[Source data Boundary: Start]
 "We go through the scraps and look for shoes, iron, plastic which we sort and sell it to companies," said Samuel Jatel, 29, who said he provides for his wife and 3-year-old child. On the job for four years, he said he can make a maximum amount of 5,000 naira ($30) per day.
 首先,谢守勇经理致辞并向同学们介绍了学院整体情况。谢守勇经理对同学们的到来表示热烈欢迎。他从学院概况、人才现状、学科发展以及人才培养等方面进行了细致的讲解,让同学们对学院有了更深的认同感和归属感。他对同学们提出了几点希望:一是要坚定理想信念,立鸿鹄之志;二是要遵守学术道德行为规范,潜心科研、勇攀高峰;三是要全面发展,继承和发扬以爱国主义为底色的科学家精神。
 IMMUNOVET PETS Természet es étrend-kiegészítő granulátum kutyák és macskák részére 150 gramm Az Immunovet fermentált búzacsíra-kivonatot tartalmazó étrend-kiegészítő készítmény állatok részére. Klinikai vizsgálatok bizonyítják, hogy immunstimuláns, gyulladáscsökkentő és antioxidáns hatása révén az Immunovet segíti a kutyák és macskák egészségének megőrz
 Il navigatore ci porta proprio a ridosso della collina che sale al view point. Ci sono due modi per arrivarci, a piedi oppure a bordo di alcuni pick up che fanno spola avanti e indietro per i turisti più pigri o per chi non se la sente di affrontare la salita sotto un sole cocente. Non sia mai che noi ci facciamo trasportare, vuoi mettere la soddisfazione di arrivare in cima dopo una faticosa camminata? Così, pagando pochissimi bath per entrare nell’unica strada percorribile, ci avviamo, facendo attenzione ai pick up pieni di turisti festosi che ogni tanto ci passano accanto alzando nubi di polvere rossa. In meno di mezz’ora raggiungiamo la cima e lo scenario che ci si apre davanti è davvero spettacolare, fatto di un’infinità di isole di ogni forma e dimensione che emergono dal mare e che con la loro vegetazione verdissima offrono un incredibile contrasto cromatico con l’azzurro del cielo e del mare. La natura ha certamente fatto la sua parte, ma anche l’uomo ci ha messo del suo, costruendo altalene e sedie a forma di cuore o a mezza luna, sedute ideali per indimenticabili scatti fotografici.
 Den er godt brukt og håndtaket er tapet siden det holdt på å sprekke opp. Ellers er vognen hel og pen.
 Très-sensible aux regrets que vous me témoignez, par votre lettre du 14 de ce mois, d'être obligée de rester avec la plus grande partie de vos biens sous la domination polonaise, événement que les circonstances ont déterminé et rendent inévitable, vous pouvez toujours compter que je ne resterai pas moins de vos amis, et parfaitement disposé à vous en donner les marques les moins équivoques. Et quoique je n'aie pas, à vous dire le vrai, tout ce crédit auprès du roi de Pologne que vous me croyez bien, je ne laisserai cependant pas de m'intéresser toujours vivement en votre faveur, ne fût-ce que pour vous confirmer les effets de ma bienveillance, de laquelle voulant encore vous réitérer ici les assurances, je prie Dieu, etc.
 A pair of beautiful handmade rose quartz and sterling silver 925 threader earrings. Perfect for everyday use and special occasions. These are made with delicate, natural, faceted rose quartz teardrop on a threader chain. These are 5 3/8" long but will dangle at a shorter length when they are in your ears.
[Source data Boundary: End]
Take the lines from the start of the records through the line holding "IMMUNOVET PETS Természet", both included, and please print them exactly, with nothing else.

### Exercise response
 "We go through the scraps and look for shoes, iron, plastic which we sort and sell it to companies," said Samuel Jatel, 29, who said he provides for his wife and 3-year-old child. On the job for four years, he said he can make a maximum amount of 5,000 naira ($30) per day.
 首先,谢守勇经理致辞并向同学们介绍了学院整体情况。谢守勇经理对同学们的到来表示热烈欢迎。他从学院概况、人才现状、学科发展以及人才培养等方面进行了细致的讲解,让同学们对学院有了更深的认同感和归属感。他对同学们提出了几点希望:一是要坚定理想信念,立鸿鹄之志;二是要遵守学术道德行为规范,潜心科研、勇攀高峰;三是要全面发展,继承和发扬以爱国主义为底色的科学家精神。
 IMMUNOVET PETS Természet es étrend-kiegészítő granulátum kutyák és macskák részére 150 gramm Az Immunovet fermentált búzacsíra-kivonatot tartalmazó étrend-kiegészítő készítmény állatok részére. Klinikai vizsgálatok bizonyítják, hogy immunstimuláns, gyulladáscsökkentő és antioxidáns hatása révén az Immunovet segíti a kutyák és macskák egészségének megőrz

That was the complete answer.